The manuscript consists of a single leaf, at the top of which is written “Edgar A. Poe,” and at the bottom an extract from “Al Aaraaf,” II, 100-109, both in a large hand. Between them, in a small, almost printlike hand, resembling one Poe sometimes used in the thirties, is the “Monody.” In the extract from “Al Aaraaf,” II, 102, “ideas” is put for “idea” (spoiling the rhyme), and in the words “toss” and “albatross” the penultimate letter is an old fashioned long s which is also used in “ass” in the first line of the “Monody.” This usage is almost unparalleled in late manuscripts of Poe. Such freaks are not in the manner of forgers and hoaxers. It might be suggested that Poe was not sober when he produced the manuscript. His letter of March 11, 1843, facsimiled in W. F. Gill's Life (1878), facing p. 120, shows unusual handwriting, but includes no example of double s. No other manuscript surely written by Poe when he was inebriated is known.

The subject of the piece is undoubtedly Denison Olmsted (1791-1859), who was Professor of Mathematics and Natural Philosophy at Yale from 1825 to 1836, and who thereafter until his death held the chair of Natural Philosophy and Astronomy. He received his doctorate when the honorary degree of LL.D. was conferred upon him by New York University on July 2, 1845. Poe had been asked to read a poem in connection with the commencement of that year, and so must have taken some interest in it.(1)

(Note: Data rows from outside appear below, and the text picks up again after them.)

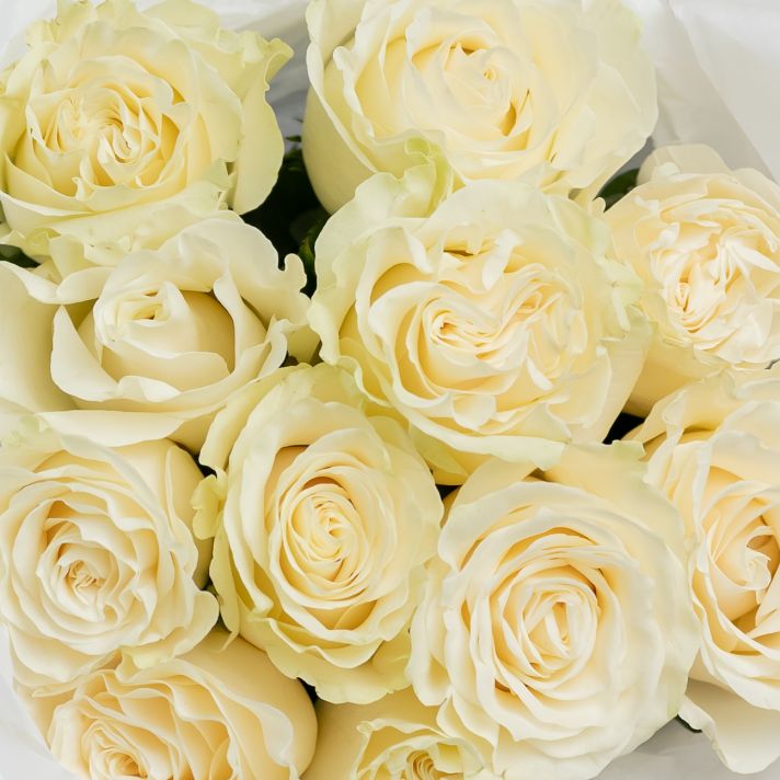 11 белых роз Эквадор (сорт Мондиаль) в объемной стильной упаковке.
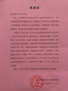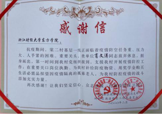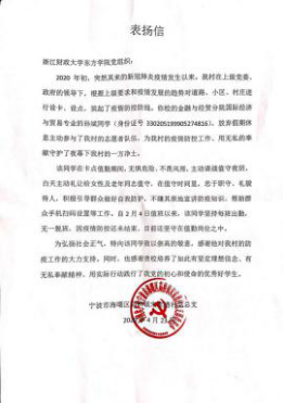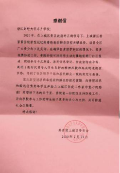 4月25日,我院伟德国际victor·1946源自陆续收到多封来自各地区人民政府的感谢信。信中表扬了学院2016级金融学专业卞瑜、2017级金融学专业庄媛、2017级国际经济与贸易专业郑荇丹、2018级国际经济与贸易专业肖文涛、方潇、孙斌和2018级经济学专业倪可祎等7名同学主动请缨,全力投身疫情防控阻击战的行为。他们的举动充分展现了有理想、有本领、有担当的时代青年品格,为疫情防控献出一份力量。
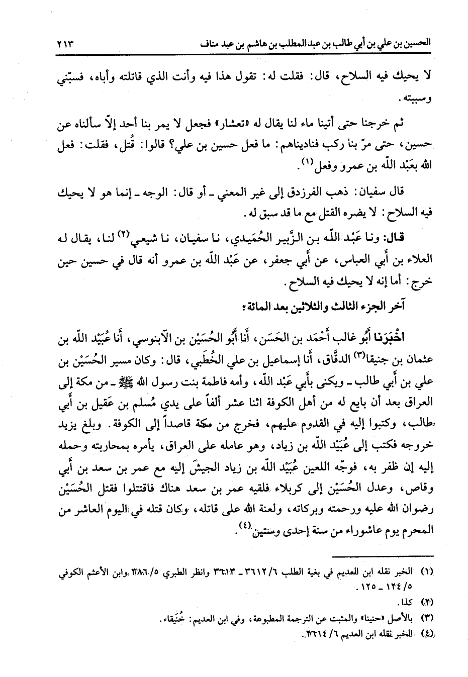لا يحيك فيه السلاح قال فقلت له تقول هذا فيه وأنت الذي قاتلته وأباه فسبني وسببته ثم خرجنا حتى أتينا ماء لنا يقال له تعشار فجعل لا يمر بنا أحد إلا سألناه عن حسين حتى مر بنا ركب فناديناهم ما فعل حسين بن علي قالوا قتل فقلت فعل الله بعبد الله بن عمرو وفعل (1) قال سفيان ذهب الفرزدق إلى غير المعني أو قال الوجه إنما هو لا يحيك فيه السلاح لا يضره القتل مع ما قد سبق له قال ونا عبد الله بن الزبير الحميدي نا سفيان نا شيعي (2) لنا يقال له العلاء بن أبي العباس عن أبي جعفر عن عبد الله بن عمرو أنه قال في حسين حين خرج أما إنه لا يحبك فيه السلاح آخر الجزء الثالث والثلاثين يعد المائة أخبرنا أبو غالب أحمد بن الحسن أنا أبو الحسين بن الآبنوسي أنا عبيد الله بن عثمان بن جنيقا (3) الدقاق أنا إسماعيل بن علي الخطبي قال وكان مسير الحسين بن علي بن أبي طالب ويكنى بأبي عبد الله وأمه فاطمة بنت رسول الله (صلى الله عليه وسلم) من مكة إلى العراق بعد أن بايع له من أهل الكوفة اثنا عشر ألفا على يدي مسلم بن عقيل بن أبي طالب وكتبوا إليه في القدوم عليهم فخرج من مكة قاصدا إلى الكوفة وبلغ يزيد خروجه فكتب إلى عبيد الله بن زياد وهو عامله على العراق يأمره بمحاربته وحمله إليه إن ظفر به فوجه اللعين عبيد الله بن زياد الجيش إليه مع عمر بن سعد بن أبي وقاص وعدل الحسين إلى كربلاء فلقيه عمر بن سعد هناك فاقتتلوا فقتل الحسين رضوان الله عليه ورحمته وبركاته ولعنة الله على قاتله وكان قتله في اليوم العاشر من المحرم يوم عاشوراء من سنة إحدى وستين (4)
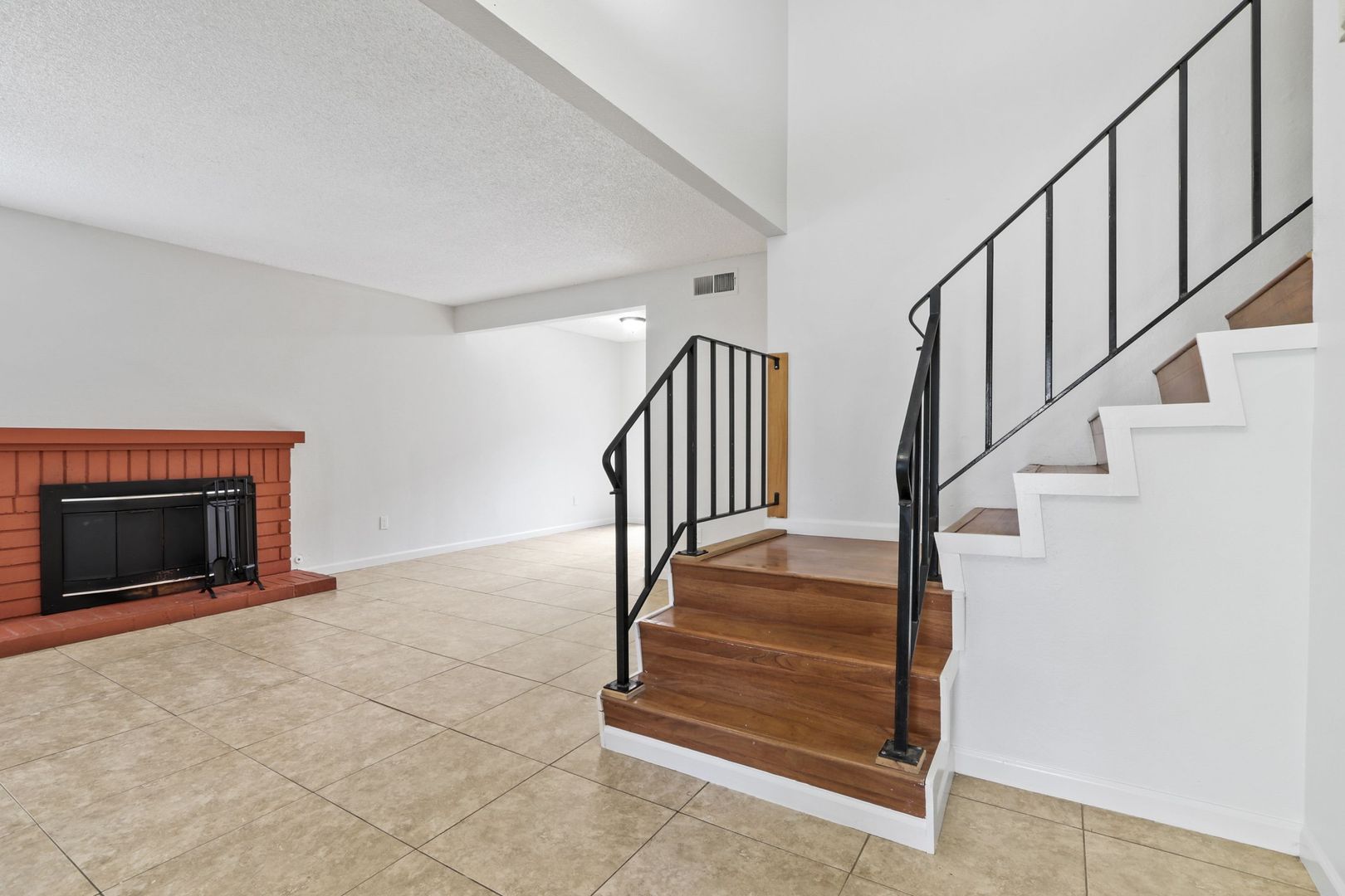 Welcome to this stunning 3-bedroom, 2-bathroom attached townhome offering comfort, style, and convenience. The home features laminated wood flooring, tile flooring in key areas, and a spacious living room complete with a cozy fireplace. The kitchen includes wooden cabinetry, granite countertops, a stove, and a garbage disposal.
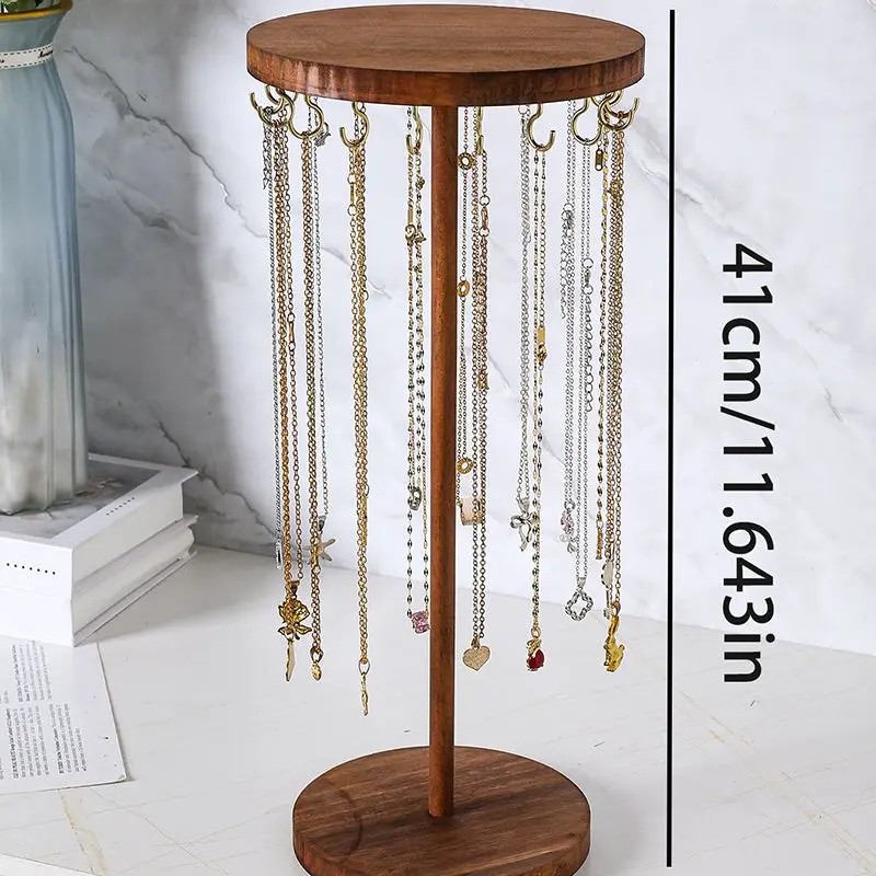 Fából készült barna nyaklánctartó állvány 41 cm Asztali ékszerorganizáló akasztókkal láncok, karkötők és nyakláncok számára
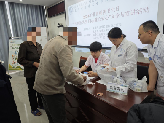 讲座结束后的药品发放环节,更是让这份关爱落到实处。我院精心准备的各类精神类药物,经由精神二病区主任樊学文逐一复核诊断后发放至患者手中。每一次握手,每一句问候,都饱含着深深的情谊与尊重。樊学文耐心听取患者近期的情况反馈,根据病情变化适时调整药方,力求每位患者都能获得最为精准的治疗。
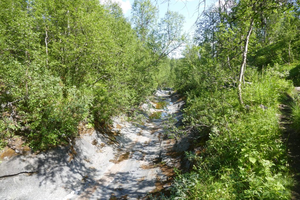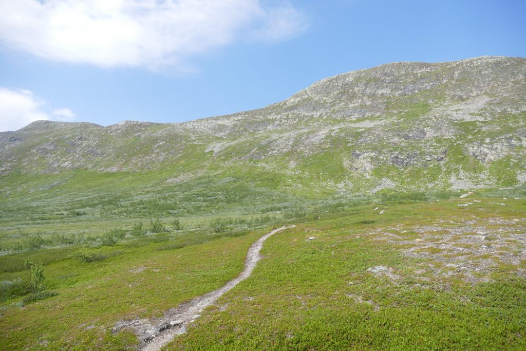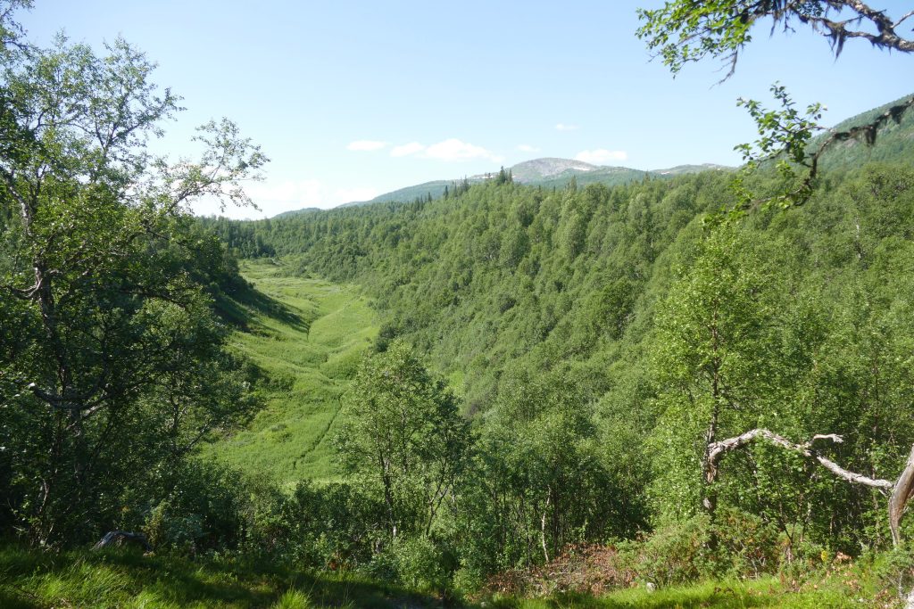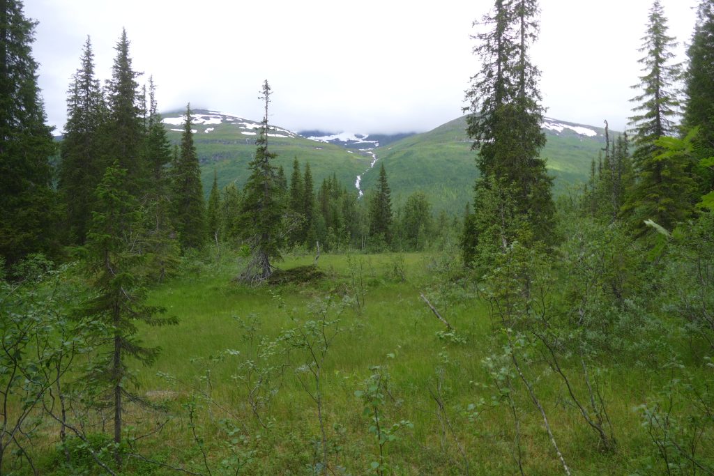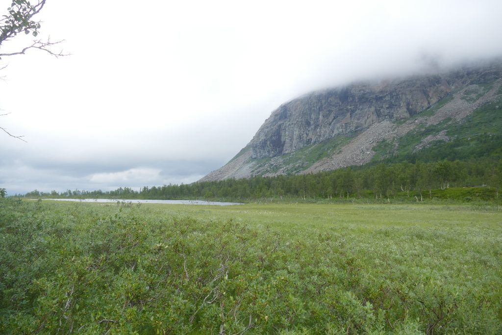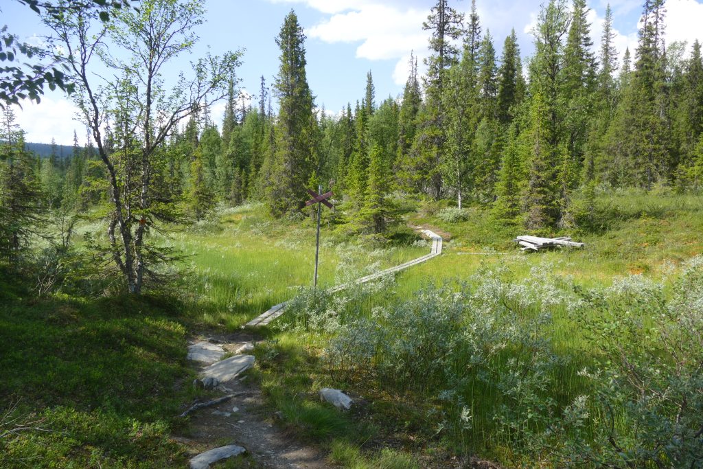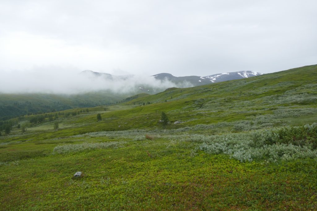 Am Morgen scheint noch die Sonne, doch schon bald ziehen dichte Wolken auf. Wir fahren nur wenige Kilometer zum Startpunkt der Wanderung entlang des Syterbäcken mit Blick auf den Viterskalet. Wir folgen dem Weg entlang des Baches Syterbäcken bis hinauf oberhalb der Baumgrenze. Mittlerweile hat es leicht angefangen zu regnen. Hier gehen wir hinunter zum Fluss, den wir über die Hängebrücke queren. Danach biegen wir auf den Kungsleden in Richtung Hemavan ab und erreichen unseren höchsten Punkt der Wanderung. Tief hängen die Wolken über dem Tal und geben nur wenig Sicht frei. Hier biegen wir ab und folgen dem Weg entlang der Schlucht, durch die der Bach verläuft, zurück zur E12 bei Syterbäcken. Wir fahren weiter auf der E12 bis zum Parkplatz an der Grenze nach Norwegen. Hier gefällt es uns nicht. Der Abzweig zu unserer geplanten Wanderung für morgen ist nur ein paar Kilometer entfernt. Doch da auch für morgen noch Regen angesagt ist, beschließen wir nach Mo i Rana zu fahren.

It is not easy to explain why Poe should have disliked Professor Olmsted. Careful investigation reveals one possible reason for his contempt,(2) although the exact occasion that provoked the poem has not been found. Olmsted wrote on many subjects — including widely used textbooks — but he was particularly renowned for his publication (in the American Journal of Science and Arts, January-April 1834, January 1836) of papers on the Leonid shower (of meteors) in 1833, which had caused tremendous excitement, especially in Baltimore. The papers were referred to as a brilliant contribution to knowledge. But Olmsted declared that the meteors originated in “a body 2238 miles from the Earth.” So minutely exact an estimate, in view of the obviously inexact data on which it was based, could come only from an extremely self-satisfied person, and Poe disliked pretentious scientists.(3) [page 501:]

The date I assign the poem is appropriate, for Poe was in Baltimore in about March and April of 1846, less than a year after Olmsted received his degree. He was there again (not always sober) in 1847 and 1848. However, since Olmsted as a prominent scientist was probably called “Doctor” long before he really was one, a far earlier date may be possible.

TEXTS

(A) Manuscript; (B) Baltimore Sun, August 18, 1942. The text used is A, from a photostat sent me by the owner.

ADDENDUM

[LINES WRITTEN IN A CONTEST]

There is a strong tradition in Baltimore that Poe once engaged in a contest with John Lofland, the Milford Bard, to see which of them could write [page 502:] more verses in a given time — and that Poe was the loser. It comes to us in two very different forms, both told with probably imaginary details.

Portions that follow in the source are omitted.